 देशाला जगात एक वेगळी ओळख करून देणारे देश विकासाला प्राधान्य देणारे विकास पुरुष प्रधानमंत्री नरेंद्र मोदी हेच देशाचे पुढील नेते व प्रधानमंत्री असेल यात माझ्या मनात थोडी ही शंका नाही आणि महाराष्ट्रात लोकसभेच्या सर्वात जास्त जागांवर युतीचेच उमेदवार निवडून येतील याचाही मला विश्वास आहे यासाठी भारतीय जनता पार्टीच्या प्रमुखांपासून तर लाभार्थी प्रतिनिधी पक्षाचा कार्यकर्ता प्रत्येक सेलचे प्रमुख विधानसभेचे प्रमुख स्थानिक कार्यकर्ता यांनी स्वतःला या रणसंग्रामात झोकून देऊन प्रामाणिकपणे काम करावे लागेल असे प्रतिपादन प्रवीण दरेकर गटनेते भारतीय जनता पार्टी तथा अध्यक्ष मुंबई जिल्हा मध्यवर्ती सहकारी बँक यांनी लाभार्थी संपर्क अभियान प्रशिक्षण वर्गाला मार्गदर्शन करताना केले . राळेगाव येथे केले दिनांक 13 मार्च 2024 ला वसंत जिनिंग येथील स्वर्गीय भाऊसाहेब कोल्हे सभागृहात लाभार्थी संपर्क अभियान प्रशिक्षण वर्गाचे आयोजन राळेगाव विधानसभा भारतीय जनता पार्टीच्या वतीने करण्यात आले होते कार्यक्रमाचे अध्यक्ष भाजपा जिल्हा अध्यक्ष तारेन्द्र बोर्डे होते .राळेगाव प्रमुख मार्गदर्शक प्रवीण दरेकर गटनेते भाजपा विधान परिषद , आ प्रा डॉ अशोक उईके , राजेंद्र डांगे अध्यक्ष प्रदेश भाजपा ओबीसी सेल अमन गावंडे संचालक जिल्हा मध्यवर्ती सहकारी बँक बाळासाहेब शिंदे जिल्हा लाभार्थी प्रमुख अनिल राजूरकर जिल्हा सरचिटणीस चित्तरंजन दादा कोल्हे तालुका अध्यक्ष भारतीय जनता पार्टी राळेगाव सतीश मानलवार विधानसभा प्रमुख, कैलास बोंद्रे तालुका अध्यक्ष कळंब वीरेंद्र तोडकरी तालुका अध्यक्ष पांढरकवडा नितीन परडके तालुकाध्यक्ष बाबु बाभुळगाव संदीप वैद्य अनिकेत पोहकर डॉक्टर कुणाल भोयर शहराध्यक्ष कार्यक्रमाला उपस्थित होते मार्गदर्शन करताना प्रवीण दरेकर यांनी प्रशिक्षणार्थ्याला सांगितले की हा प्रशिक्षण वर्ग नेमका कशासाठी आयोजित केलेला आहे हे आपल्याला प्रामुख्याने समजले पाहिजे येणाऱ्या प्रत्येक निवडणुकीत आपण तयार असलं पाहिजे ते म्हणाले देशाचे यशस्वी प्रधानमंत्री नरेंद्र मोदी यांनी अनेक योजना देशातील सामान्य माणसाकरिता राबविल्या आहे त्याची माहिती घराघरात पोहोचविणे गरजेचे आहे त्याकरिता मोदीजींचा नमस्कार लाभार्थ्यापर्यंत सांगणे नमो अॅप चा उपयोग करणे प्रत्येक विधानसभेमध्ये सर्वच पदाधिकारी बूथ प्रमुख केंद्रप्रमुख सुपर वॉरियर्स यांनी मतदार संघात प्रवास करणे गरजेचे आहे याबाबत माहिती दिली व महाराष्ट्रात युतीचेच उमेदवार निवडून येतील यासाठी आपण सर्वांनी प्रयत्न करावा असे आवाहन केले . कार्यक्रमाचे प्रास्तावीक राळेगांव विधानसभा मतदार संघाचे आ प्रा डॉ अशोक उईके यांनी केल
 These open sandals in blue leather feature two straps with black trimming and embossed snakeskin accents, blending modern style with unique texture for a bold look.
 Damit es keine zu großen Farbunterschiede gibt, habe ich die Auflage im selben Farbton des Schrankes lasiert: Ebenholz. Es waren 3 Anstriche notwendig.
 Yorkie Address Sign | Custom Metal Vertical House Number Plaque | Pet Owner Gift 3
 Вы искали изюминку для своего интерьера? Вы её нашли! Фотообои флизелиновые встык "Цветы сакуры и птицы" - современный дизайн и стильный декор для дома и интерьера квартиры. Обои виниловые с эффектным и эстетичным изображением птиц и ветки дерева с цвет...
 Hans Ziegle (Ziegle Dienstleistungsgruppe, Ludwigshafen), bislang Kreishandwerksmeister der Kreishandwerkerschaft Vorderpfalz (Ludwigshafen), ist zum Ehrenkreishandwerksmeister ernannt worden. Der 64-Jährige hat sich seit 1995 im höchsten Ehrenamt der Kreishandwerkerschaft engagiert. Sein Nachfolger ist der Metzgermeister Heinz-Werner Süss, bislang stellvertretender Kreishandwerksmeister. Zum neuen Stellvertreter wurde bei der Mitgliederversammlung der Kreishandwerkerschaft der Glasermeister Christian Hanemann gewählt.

● ● ●

Exercise objective: In the records above, the line with "Damit es keine" marks the start and the line with "Вы искали изюминку" marks the end; copy that stretch exactly, both lines included, and nothing else.

Answer box:
 Damit es keine zu großen Farbunterschiede gibt, habe ich die Auflage im selben Farbton des Schrankes lasiert: Ebenholz. Es waren 3 Anstriche notwendig.
 Yorkie Address Sign | Custom Metal Vertical House Number Plaque | Pet Owner Gift 3
 Вы искали изюминку для своего интерьера? Вы её нашли! Фотообои флизелиновые встык "Цветы сакуры и птицы" - современный дизайн и стильный декор для дома и интерьера квартиры. Обои виниловые с эффектным и эстетичным изображением птиц и ветки дерева с цвет...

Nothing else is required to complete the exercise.